On May 8th, the Women’s Ordination Conference joined local DC supporters (and WHIMM) for a Vocations Sunday + Mother’s Day mass and witness, in solidarity with gatherings around the US and online.
Led by three women priests, the community gathered outdoors for an inclusive, spirit-filled service, affirming: Domina Pastor Est! We lifted up the many ways women and non-binary people often take on the symbolic role of shepherds as those who are closest to the people, tending and ministering to their needs, and guiding the church with courage, kindness, and leadership.
Following the service, we marched our way to the Vatican embassy where we read the Vocations Sunday prayer together and sang out a litany of women saints and leaders.

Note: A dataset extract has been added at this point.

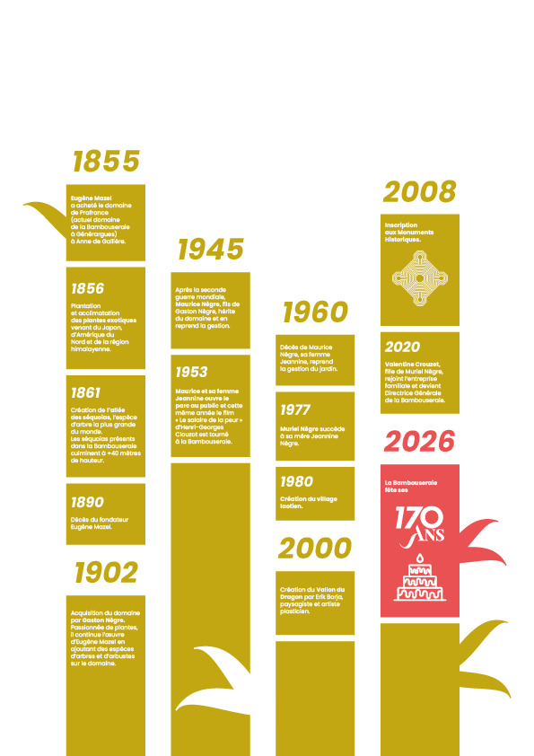 L’histoire de la Bambouseraie en Cévennes est longue depuis 170 ans. Elle reflète la passion d’hommes et femmes attachés à leur environnement, au spectacle vivant et à ses possibilités insoupçonnées comme à l’inspiration qu’elle offre encore et encore aux artistes d’aujourd’hui et de demain. Un lieu chargé d’histoire mais résolument inscrit dans notre époque et toujours tourné vers l’avenir.

Our witnesses on May 8 served as an important reminder that women, and people of all genders, willingly answer the call to priesthood to care for God’s people in all the messiness and meaning it entails.
Tweet for ordination justice:
In the Ancient Near East, shepherds were, in many cases, the girls in the family, since men did not do such “menial” work. There are prominent Biblical examples of this – both Zipporah (Moses’ wife) and Rachel (Jacob’s wife) are named as shepherds, and they meet their husbands at the wells where they water their flocks. Girls, who began this work at the age of eight or ten, would take the flocks into the field each day and bring them back home at night. When Jesus called himself the Good Shepherd, he would have known that his listeners would not simply have thought of middle-aged or older men when he used the title – they would have imagined the young girls they had seen in fields, tending the animals diligently and in practical, messy ways.
More about female shepherds in the Ancient Near East:
The Way of a Shepherd by Beulah Wood: “Possibly half the shepherds in Jesus’ day were women, and probably half the shepherds of the world today, too, are women. I am one of them.”
Women From the Book: Life as a Shepherdess: “Tending the family herd was reserved primarily for girls, and they continued this work until married at age fifteen or sixteen.”
Shepherds in the Field: “In reality in the Middle East, almost all the shepherding is done by very young children, most of them girls. In the Middle Eastern culture, the men do very little of the menial work.”
Dave Adamson: “On a trip to the Holy Land, I had the chance to meet a shepherd herding her sheep. Yes, I said “her”, because in the Middle East, shepherds are culturally most often the young girls of the family—unless there are no daughters, in which case it falls to the youngest son (like David). As I approached the flock—and especially the lamb in this image—the smell was overpowering, even from a distance. In the first century, this smell marked a shepherd as an outcast.”
Women, and people of all genders, willingly answer the call to priesthood to care for God’s people in all the messiness and meaning it entails. Let’s continue pray for vocations to a renewed priesthood for all genders on Vocations Sunday and every day.